24 Eylül 2010 Cuma

reklamın kötüsü?


yıllardır aklımı kurcalayan bir başka olay var. hatta bu bir gerçek: türk reklam sektörü moronların elinde.

şu konuya geçmeden önce başlığın atıfta bulunduğu, "reklamın iyisi kötüsü olmaz." lafını incelemek istiyorum. bu lafın sadece (ünlü) insanlar için geçerli olduğu kabul görmeli artık. hatunun biri arabadan inerken bilerek bacaklarını 120 derece açarsa veya bir herif gazetecinin biriyle kavga ederse onun kitabı veya albümünün satışında artış görülebilir. ancak sürreal bir atmosfer içinde tam gaz ilerleyen bir arabanın reklamını gördüğümde o arabayı alma koşulum, arabanın yanında sudan atların koşturması olmayacak. ya da ben bir içeceği, sırf içtiğimde birden dans etmeye başlayıp kıçımdan garip renkler çıkartacağım için satın almam. hele cinsellik temalı reklamlar var ki, -ürünü hiç satın almamama rağmen- axe reklamlarının büyüsünden kurtulmam uzun sürdü.

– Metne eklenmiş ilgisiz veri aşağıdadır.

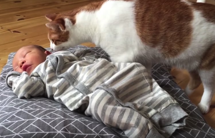 どうしたらいいの?!赤ちゃんと猫、初対面の瞬間。

türklerin aptalca reklamcılığına dönecek olursak, tutun geçmişteki "ayşe ne yaptın? - çekirdeklerini çıkardım, reçel yaptım!" reklamından, günümüzdeki maximus ve dankek reklamlarına, gençlerin trendlerinden 50 sene sonra haberdar olan gerzek adamların plazalarda bir araya gelip oluşturduğu aptalca reklamlar var medyada. hele radyolardaki reklamlardan bahsetmek istemiyorum bile, AMAN ALLAHIM, okula servisle gittiğim yıllardan beri bu eziyeti çekiyorum.

bütün reklamların kötü ve gereksiz olduğundan bahsetmiyorum. kötü reklamların olduğunu ve ürünlerin satışında herhangi bir etki etmeyeceğini söylüyorum. tabi türk halkı bunun farkına varıp bir de tartışacak kadar akıllandı mı bilmiyorum ama, bu tür aptalca reklamları izleyip de ürünü satın alma ihtiyacı duyuyorsanız, ya aptalsınız ya da (daha büyük bir olasılıkla) aptallaştırılmışsınız demektir.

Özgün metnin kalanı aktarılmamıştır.